- **AIM OF THE EXERCISE**: Please copy the data exactly as it stands, minus the images.

- **DATA SECTION**:
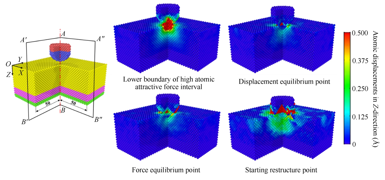 (2) Displacement equilibrium point. It occurs when atomic displacements of the wire and substrate in the central contact area along the Z -direction equal almost 0 Å during the loading process.
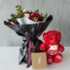 This unique basket is heavy with love and surprises. Gives the look and feel of a little teddy in a garden holding a glass bottle which includes your romantic message to your valentine.
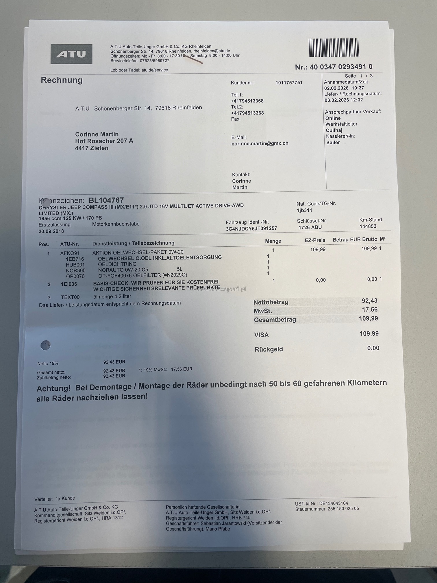 | Rost am Fahrzeug | No |

- **REPLY TO THE EXERCISE**:
 (2) Displacement equilibrium point. It occurs when atomic displacements of the wire and substrate in the central contact area along the Z -direction equal almost 0 Å during the loading process.
 This unique basket is heavy with love and surprises. Gives the look and feel of a little teddy in a garden holding a glass bottle which includes your romantic message to your valentine.
 | Rost am Fahrzeug | No |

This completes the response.